If $n \equiv 1 \pmod 8$, then $n=1+8k$. So, $(8k+1-1)/2=4k$. So, we have: $$1,2, \dots, 4k$$ Multiplying each term by $(-1)$: $$-1,-2, \dots, -4k$$ $$8k+1-1, 8k+1-2, \dots , 8k+1-4k$$ $$8k, 8k-1, \dots, 4k+1$$
Each term is greater than $4k$ and there are $4k$ such terms, so Gauss' Lemma says $\left(\frac{-1}{n}\right)=(-1)^{4k}=1$
Is there an easier and/or neater way to do this. I must use Gauss' Lemma to find $\left(\frac{-1}{n}\right), \left(\frac{2}{n}\right), \left(\frac{-2}{n}\right)$ for $n \equiv 1,3,5,7 \pmod 8$.
I'll give you the idea:
$\left(\frac{2}{p}\right) = (-1)^x $ where $ x =\left|\{1 \leq j \leq \frac{p-1}{2} \mid p \geq 2j \pmod p \text{ (the least such positive integer value mod p)} \geq 0\} \right|$ by Gauss' Lemma.

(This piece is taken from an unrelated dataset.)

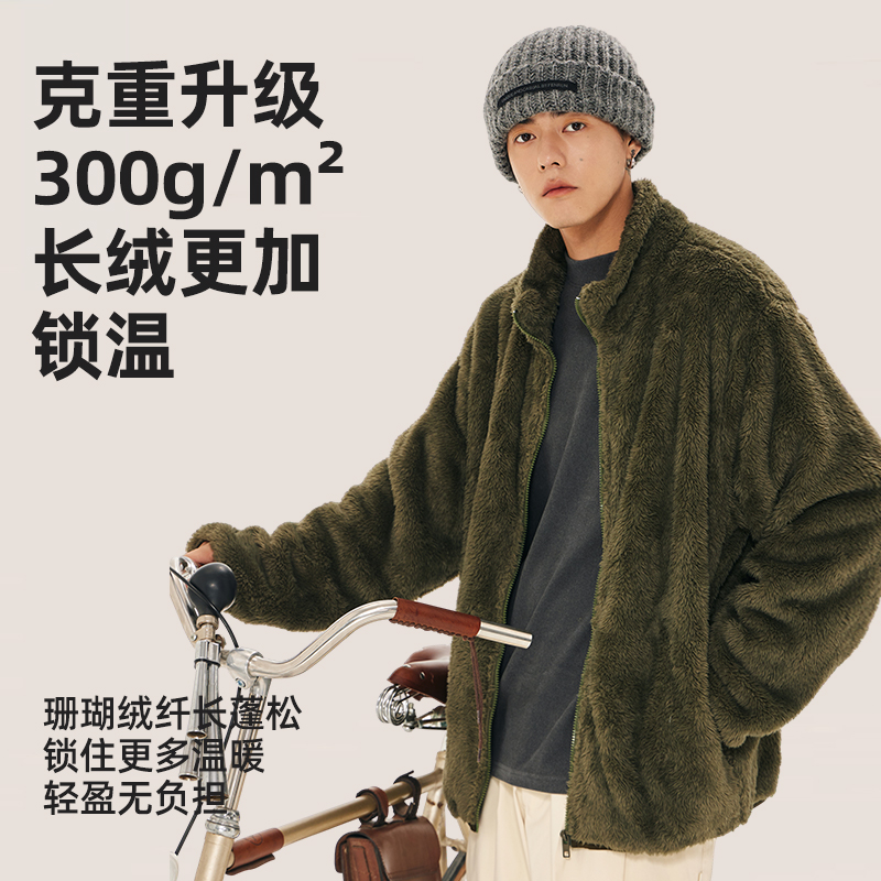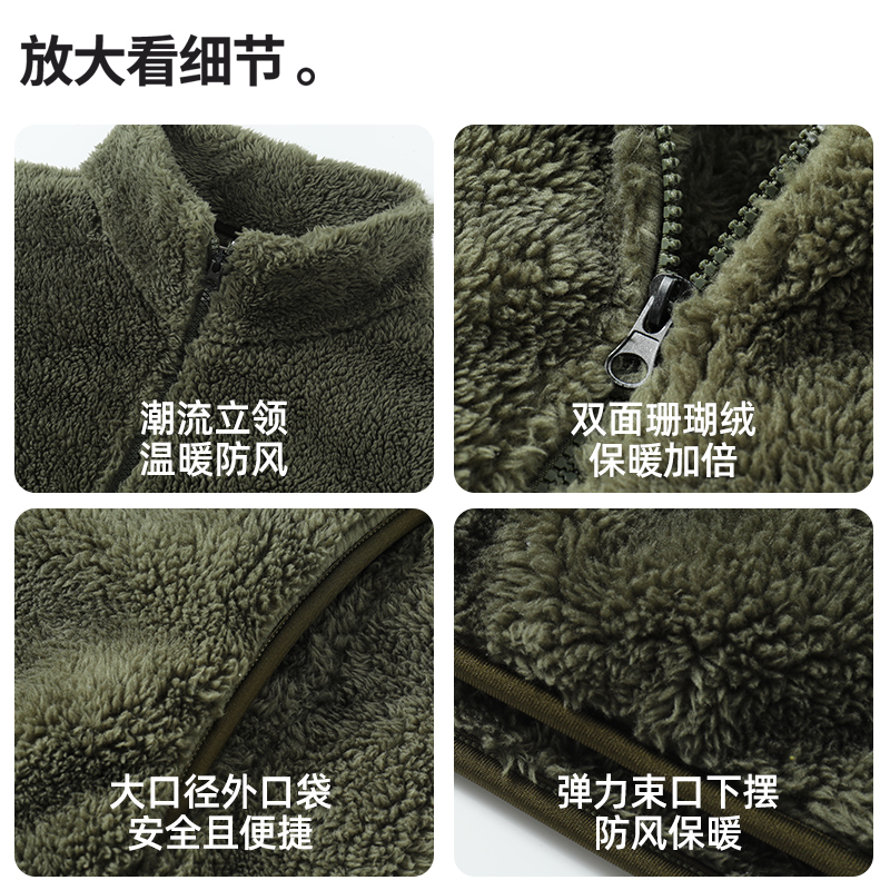 GV真维斯珊瑚绒外套男秋冬季保暖加绒加厚夹克男款摇粒绒抓绒衣A

Use the floor function on $p$, and test cases $p = 8k +1, \dots 8k + 7$ noting that $ x = \frac{p-1}{2} - \lfloor \frac{p}{4} \rfloor$ (Why? Check for yourself, but it's just a bit of algebraic manipulation)
Then for $\left(\frac{-2}{p}\right)$ will follow from multiplicativity of the Legendre symbol.
Your method above is fine for the $-1$ case.